Solopos.com, SOLO — Pemerintah Kota (Pemkot) Solo terus memberikan kelonggaran-kelonggaran aktivitas dan pemanfaatan fasilitas umum. Salah satunya pada pesta pernikahan di gedung, mempelai, orang tua dan besaan boleh tidak menggunakan masker.

Hal tersebut disampaikan Wali Kota Solo, F.X. Hadi Rudyatmo saat memberi sambutan pada acara penyerahan bantuan perkerasan (paving block) dari Perkumpulan Masyarakat Surakarta (PMS) kepada Pemkot di SDN Purwodiningratan, Jebres, Solo, Sabtu (27/6/2020).

Namun Rudy, sapaan akrab Wali Kota, tetap memberi syarat penerapan protokol kesehatan pencegahan persebaran Covid-19.

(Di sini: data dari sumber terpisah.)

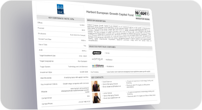 Harbert European Growth Capital Fund KEY CORPORATE FACTS / KPIs INVESTOR DESCRIPTION Offices London Harbert European Growth Capital Fund (“HEGCF”) is an investment partner to high growth entrepreneurial businesses across Europe in the technology and life sciences sectors. Led by an experienced team with a 10+ track record of investing across Europe and over €121m in capital committed from institutional and private Founded 2013 investors, HEGCF is one of the leading European debt funds in Europe with a strong USA and European network. The fund is based in London and is corner sponsored by Harbert Management Corporation, a US headquartered independent investment firm, with $4.3bn in assets and committed capital under management as Employees 9 (of which 9 in Europe) at 01 February 2015. The fund looks for investment opportunities in high growth businesses and has a growing portfolio of 28 companies. Key focus is on proven management teams in need of capital to fuel organic growth, working capital requirements, acquisitions, equipment purchases, bridge loans and various forms of Current Fund Size €121m recapitalization. Use of Debt Yes SELECTED PORTFOLIO COMPANIES AUM €121m • Unruly Target Investment Size €1m - €25m • MyOptique Target Geographies Pan-European Target Sectors Technology and Life Sciences • Worldstores Investment Style Growth Debt Full Portfolio • www.harbert.net/investment-strategies/private-capital/european-growth-capital/ Deal Structures Amortizing loans with equity incentive KEY CONTACTS Key Investment Criteria Growth stage companies with revenues • David Bateman • +10 years of experience in technology lending and • Senior Managing Director financing. www.harbert.net/investment- • Email: [email protected] • Previously with ETV Capital and Broadview Website strategies/private-capital/european-growth- International. capital • Johan Kampe • +15 years of experience in technology lending and Contact Email N/A • Senior Managing Director financing. • Email: [email protected] • Previously with ETV Capital and Silicon Valley Bank. Contact Phone +44 207 408 4120

“Pesta pernikahan ini sudah kami buatkan acuan. Pengantin, orang tua dan mertua tetap berada di pelaminan tanpa masker. Tidak ada acara bedol manten, tidak boleh ada salaman. Begitu juga dengan hidangan, disajikan dengan piring terbang tetapi tidak boleh digeser [estafet] oleh tamu. Tamu diberi piring satu persatu oleh petugas. [Pelonggaran ini karena] pernikahan adalah momen sekali seumur hidup bagi pasangan,” ujarnya.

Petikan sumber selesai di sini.